Mon Sep 22 02:31:22 PDT 2008

On Mon, Sep 22, 2008 at 9:54 AM, Duncan Sands <baldrick at free.fr> wrote:
>> > Does this mean that "PerformTailCallOpt" changes the ABI?
>
> Arnold already agreed that tailcall could use the new calling convention,
> i.e. be the same as fastcc.
>
>> First of all, the comment about "nested function not being supported
>> by fastcc" looks wrong.
>
> It is correct.  The problem is that the tailcall logic reserves a
> register (ECX; would be EAX in new fastcc) for its own use.  The
> trampoline stuff wants that same register to do trampoline stuff
> (it's the only spare register).  If the two calling conventions are
> merged (i.e. tailcall cc dropped), there would be the problem of
> detecting that tailcall and trampoline are fighting for the same
> register, so an error can be issued.  I think the right solution is
> to explicitly represent in the td that tailcall wants the register,
> in much the same way as trampoline stuff does.  Something like this:
Yes as duncan says tail call optimization requires a (caller saved)
register for a function call via a pointer. That is why tailcall
convention differs from the others. I initially created it by copying
the std convention and modifying it. That's were the wrong comment
regarding the three registers comes from it should actually read two
registers are available. There actually is no reason that prevents
CC_X86_32_TailCall from being replaced by CC_X86_32_FastCC. (eax would
be used as the function pointer register, also see discussion
<http://lists.cs.uiuc.edu/pipermail/llvm-commits/Week-of-Mon-20080908/067075.html>).
I wanted to change that but have not come around to do it yet.

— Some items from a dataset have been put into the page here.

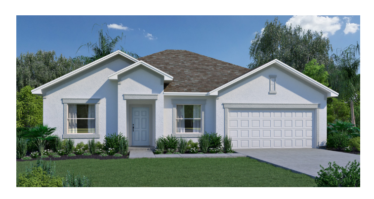
Architectural Style B
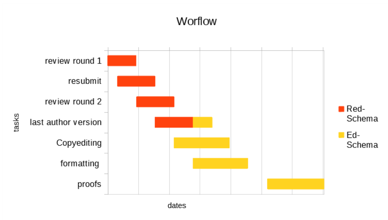
Figure 1. Workflow pattern

The graph in figure 1 is a simplified representation of the annual workflow of the journal Philosophie Antique . Each article submitted and published by the journal goes through the same process.
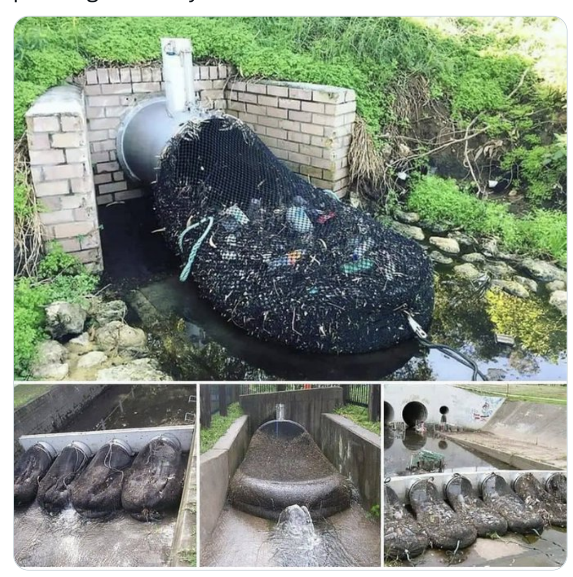
12:21 PM · Jan 22, 2022 · Twitter for iPhone

Australian city uses drainage nets to stop waste from polluting waterways.
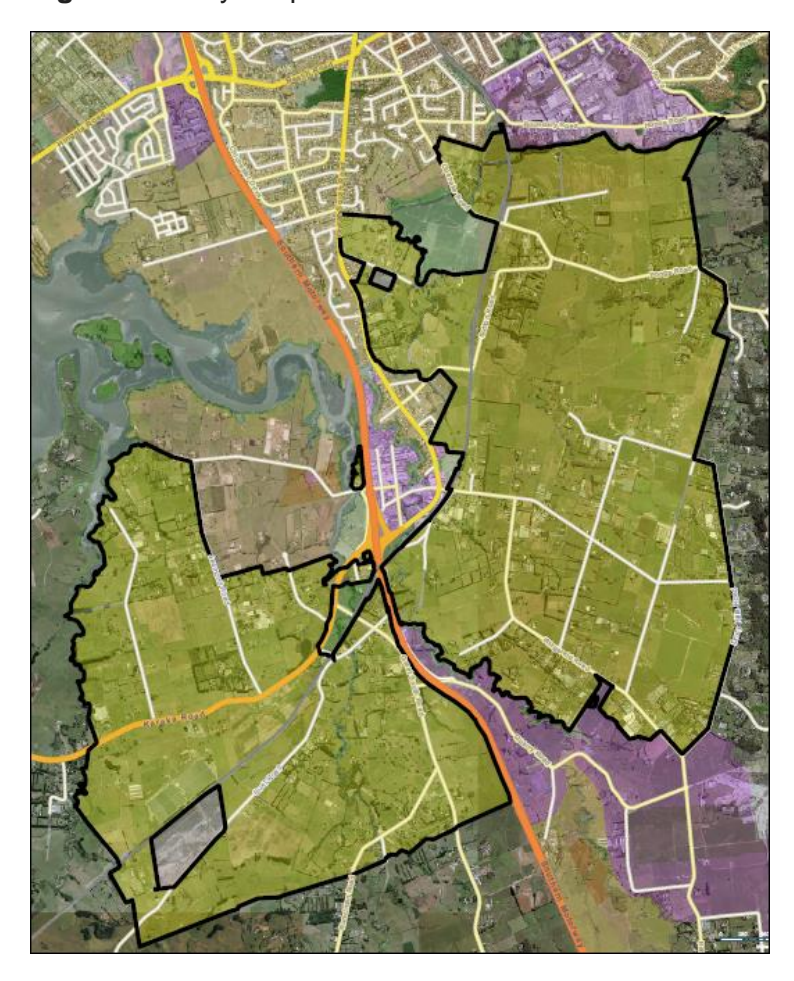
Figure 1: Drury – Opāheke Structure Plan area

The north-west sector of the Drury Future Urban Zone is scheduled to be development ready in 2018-2022. The remainder of the Drury Future Urban Zone is scheduled to be development ready in 2028 – 2032. Actual development yields may differ from these estimates as structure planning for the area enables further refinement of the possible number of homes and the estimated population.
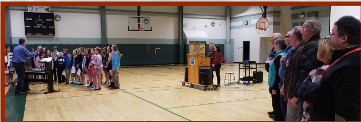
Veteran Appreciation Breakfast on November 9th.
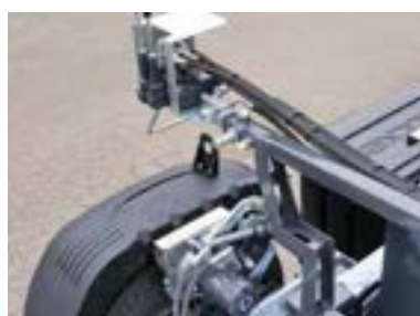
Interlocking, high-performance self-propelled drive (optional)
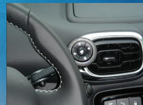
898 FIVE FUNCTION CONTROLLER
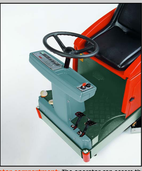
Operator compartment: The operator can access the driver's seat from both sides with an excellent view of the area to be cleaned. All operating elements are in direct view and easy reach of the operator. Adjustable, comfortable driver's seat.
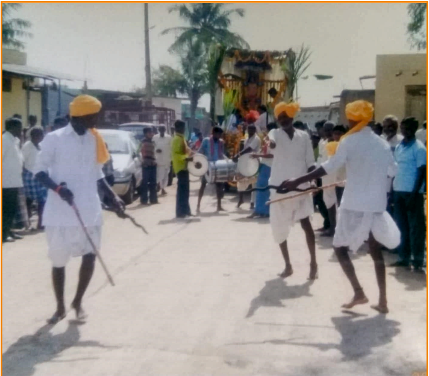
Traditional Village Martial arts finds a place in Bhagawan's Pallaki seva.
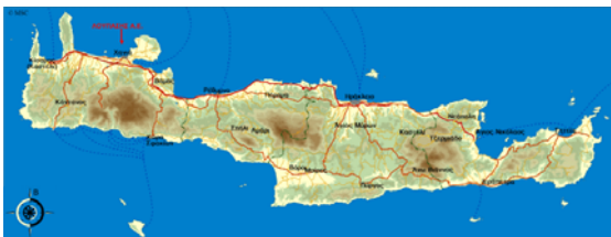
Crete Island ( www.creteisland.gr )
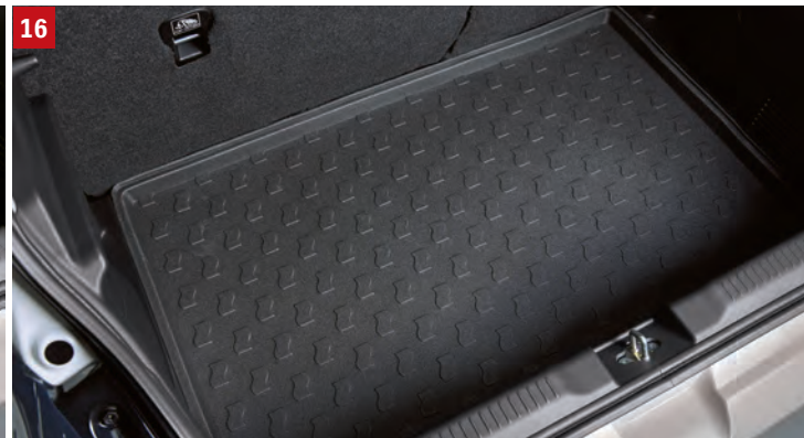
16 | CARGO TRAY 1 Waterproof with raised edges. Part No. 990E0-53R15-000
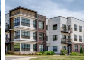
SILO HOUSE 103 CONDOS
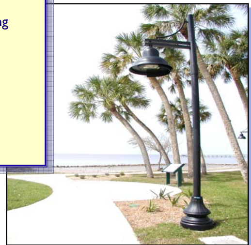
Bayshore Live Oak Park
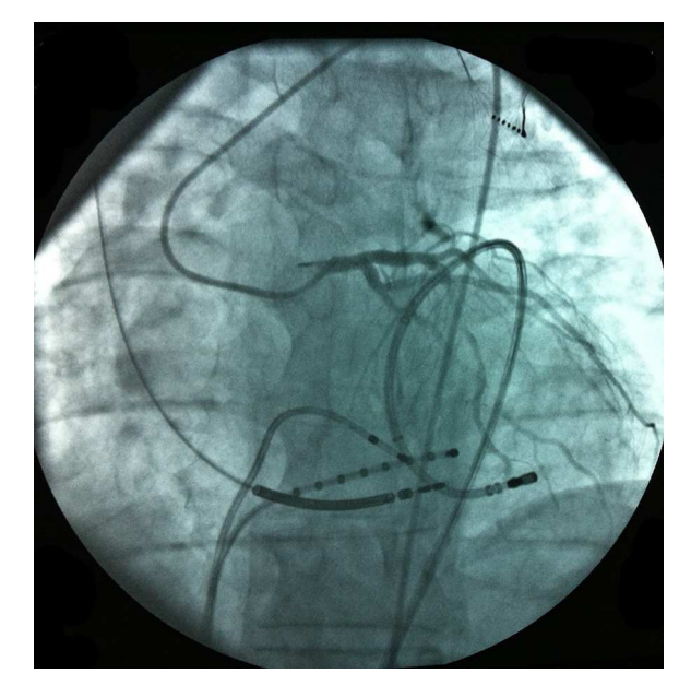
Figure 3 Manipulation of mapping/ablation catheter in the pericardial space guided by coronary angiography.

The mapping and ablation techniques were similar to those used in the endocardial space, although entrainment maneuvers are more difficult using bipolar pacing due to the high epicardial stimulation threshold. On electroanatomical mapping, areas with bipolar voltage of less than 0.1 mV were considered to be scar tissue. All patients
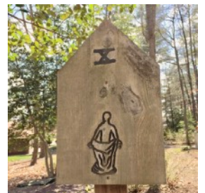
10. He is stripped of his Garments
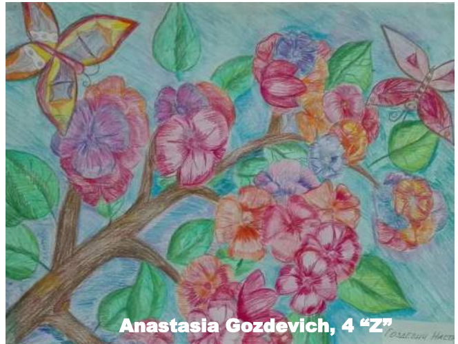
Anastasia Gozdevich, 4 "Z"
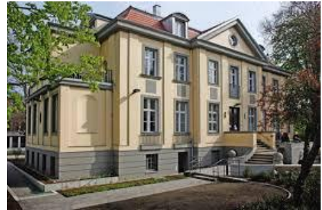
Topoi Building Dahlem

Website: https://www.topoi.org/home/buildings/
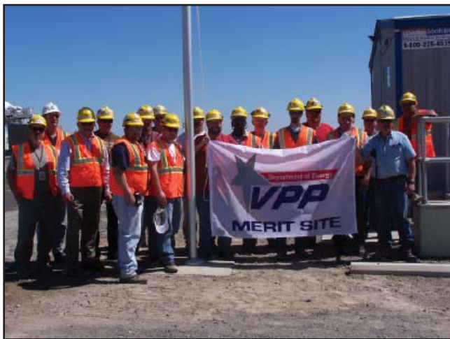
Construction site employees were presented with the Merit flag on April 20.

On April 20, employees at the WTP construction site celebrated the honor of earning the Department of Energy's (DOE's) Voluntary Protection Program (VPP) Merit status, recognizing employee excellence and leadership in safety and health. DOE Office of River Protection Manager Shirley Olinger presented WTP site employees with the Merit status flag and a framed plaque during the celebration.
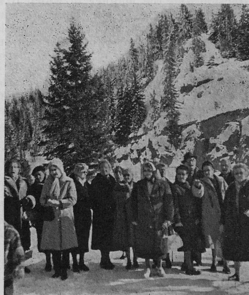
Our traditional excursion to the Rigi-Kaltbad in the New Year of 1960 towards the beautiful winter sun was an unforgettable experience to the guests of our "Home"—Ein unvergessliches Heimat-Erlebnis für unsere "Home"—Gäste war der Neujahrsausflug 1960 an die herrliche Wintersonne auf Rigi-Kaltbad.

«Home» for Swiss Nationals Living Abroad — a «pied-à-terre» in the homeland
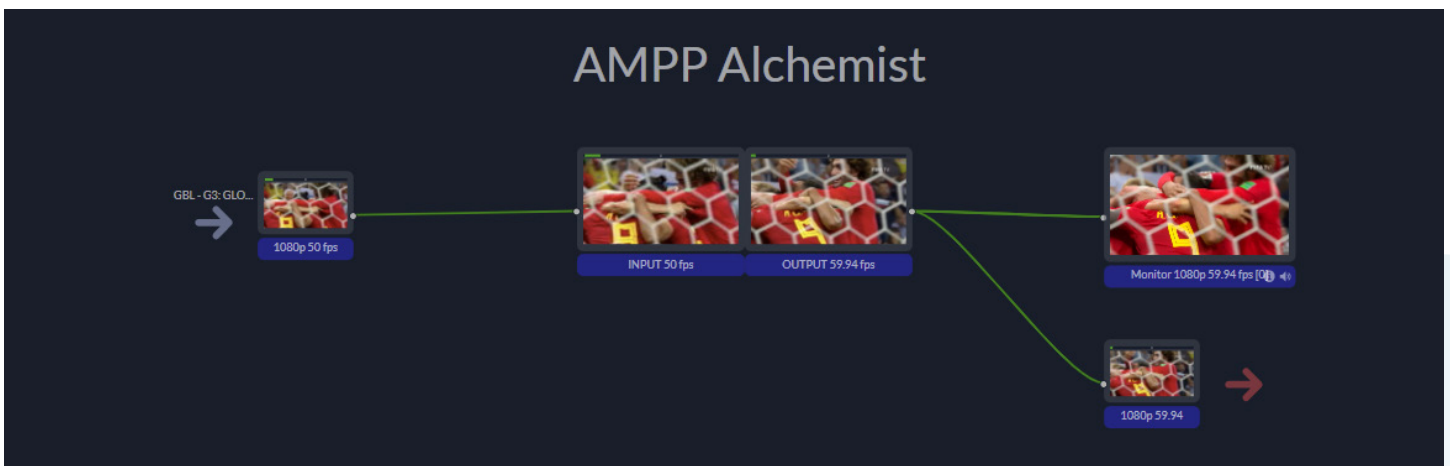
AMPP Alchemist workflow
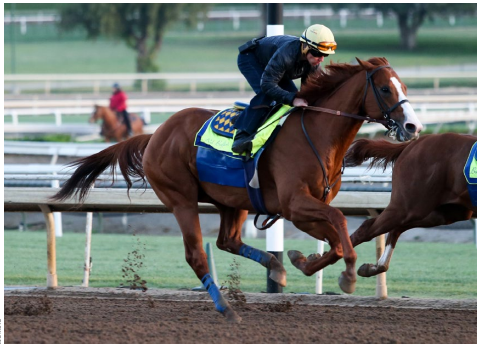
Justify works six furlongs in 1:13 flat at Santa Anita Park
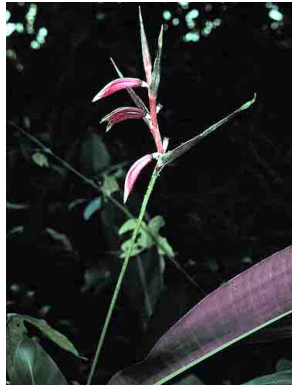
54 Heliconia metallica HELICONIACEAE

BUT there still is an ABI difference when -tailcallopt is enabled.

To support general tail call optimization (in cases where the callee
can require more room for its arguments than the caller provides) the
calling convention is changed from caller pops arguments to callee
pops arguments. This is necessary as the caller does not know how many
arguments there are to pop in cases where the called function performs
a tail call itself. (caller() calls callee(a,b) tailcalls
calleecallee(a,b,c,d), how many arguments are there to pop for caller
2 or 4)

So in cases where a library would be compiled with -tailcallopt
enabled and a the program using the library would be compiled without
-tailcallopt all hell would break loose.

Possible solutions:
- Document this fact! ;)
- Only optimize sibling tail calls (callee argument area <= caller
argument area, calller pops arguments can be used) with fastcc calls
and create a new calling convention TailCall which is always 'callee
pops arguments' even if -tailcallopt is not enabled.

regards arnold